Trump: $5 Million Owed to Workers.


In the months after Trump and his family cut the ribbon at Trump’s D.C. hotel in October, three subcontractors filed liens seeking more than $5 million in bills they claim have not been paid. (Jabin Botsford/The Washington Post).

In the months after Trump and his family cut the ribbon at Trump’s D.C. hotel in October, three subcontractors filed liens seeking more than $5 million in bills they claim have not been paid. (Jabin Botsford/The Washington Post).

In an all too standard move, Trump has been bragging and boasting about handing over a historic hotel to daughter Ivana for redecoration and all that, and has refused to pay all the people who worked their arses off to get it up and running.

In the frenzied final six weeks of work at the hotel, while Trump touted the project on the campaign trail, AES of Laurel, Md., claims it assigned 45 members of its staff to work 12-hour shifts for nearly 50 consecutive days to get the lights, electrical and fire systems prepared on time.

“We had people there well over 12 hours a day for weeks because they had a hard opening of Sept. 12 and you can’t open if the lights don’t work and the fire alarms don’t work and the fire marshal can’t inspect it,” said Tim Miller, executive vice president of AES. “There is a lot of work that went into that hotel, and it didn’t happen by accident.”

Trump got his wish: The hotel was ready enough that on Sept. 16 he held a campaign event there honoring veterans, which was carried live on national television. He touted the hotel as having been completed “under budget and ahead of schedule” and said that when it opened officially the following month it would be “one of the great hotels anywhere in the world.”

But around the same time, Miller said, the Trump Organization and its construction manager, Lendlease, stopped paying AES. Three days before Christmas, AES filed a mechanic’s lien with the D.C. government alleging that it was out almost $2.1 million. “Merry Christmas and a happy new year to us,” Miller said.

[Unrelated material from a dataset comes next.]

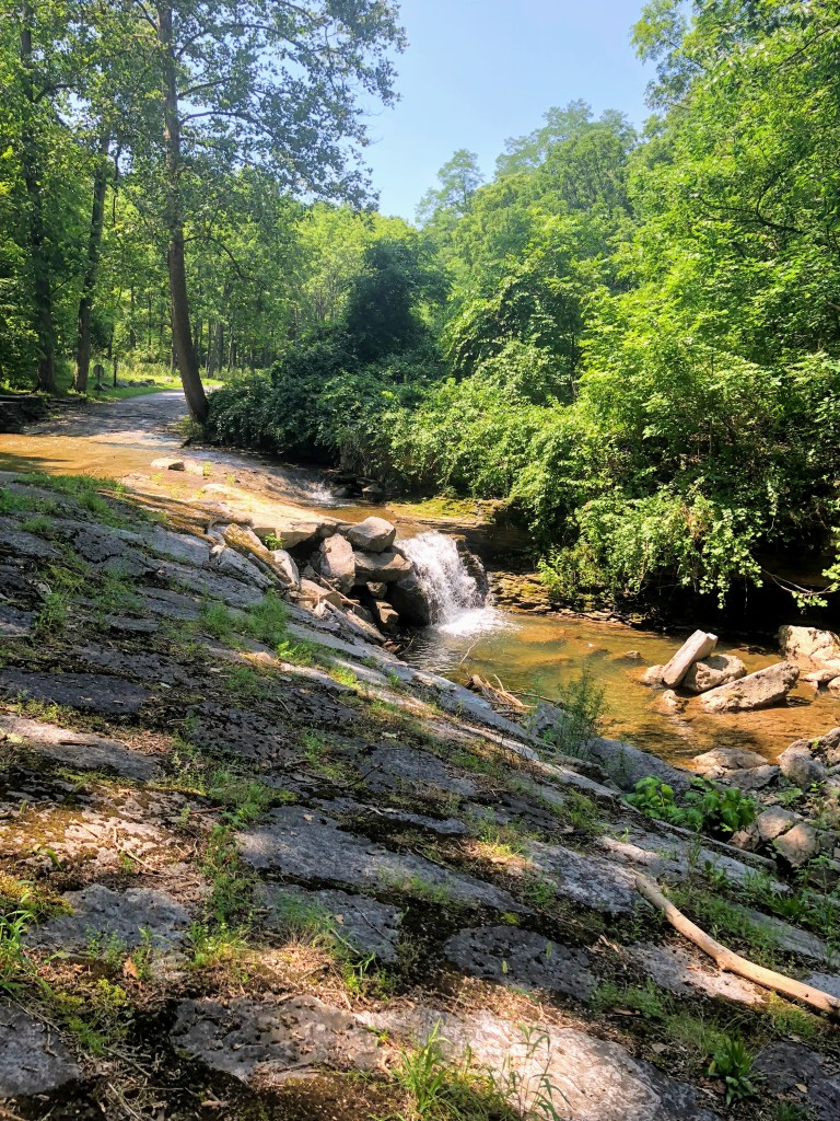 We kept hiking past it and up a set of stairs made out of rocks until we came to the conclusion that this isn’t the right spot. So we headed back to the mini waterfall and picnicked there for lunch. We had nutella sandwiches (a classic for my road trips) and mini sandwiches that her mom gave us. Even though we had just begun our day at the waterfall, this was a nice little break since it was sooo hot that day. Afterwards we headed back to our car, got in and began to drive away to see where Buttermilk Falls actually was. As soon as we turned out of the parking lot, we saw a small sign for Buttermilk Falls and people entering the little path so we immediately turned around and parked our car where we just had it!

The AES filing brings the total of allegedly unpaid bills on the hotel to more than $5 million. Washington-area plumbing firm Joseph J. Magnolia Inc. and Northern Virginia construction company, A&D Construction, are seeking $2.98 million and $79,700 respectively.

This is the Trump organization response:

“In developments of this scale and complexity the filing of nominal liens at the conclusion of construction is not uncommon as part of the close out process,” a representative for the company wrote.

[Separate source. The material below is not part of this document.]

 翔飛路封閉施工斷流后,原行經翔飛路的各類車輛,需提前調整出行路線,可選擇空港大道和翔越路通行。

Now, I’m not a businessman, but I’m going to call a big ol’ bullshit on this one. Why force companies to file at all, a costly and I’m sure, unwanted procedure? Why not just pay them? Oh of course, this is Trump, a man renowned for reneging, stiffing, and not paying anyone, at least not until it’s time to settle yet another court case. There’s the “smart” businessman Trumpoids have put their trust in.

“We’re not in this for any sort of political reasons,” Miller said. “We have no ax to grind, political or otherwise. We’re a business. We have 700 employees that we pay every week. We have bills. We are effectively financing this work, and we don’t think it’s right. That’s really it.”

Oh, but Donny is so gosh darned concerned for workers, right?

The Washington Post has the full story.

Comments

  1. komarov says

    “Under budget” is a neat euphemism I’ll have to remember when I don’t intend to pay my bills. Or rather if, since I have neither the money nor the lawyers to ward off the law.

  2. Onamission5 says

    the filing of nominal liens at the conclusion of construction is not uncommon as part of the close out process

    …when the contractors and/or subcontractors haven’t been paid for the work they did.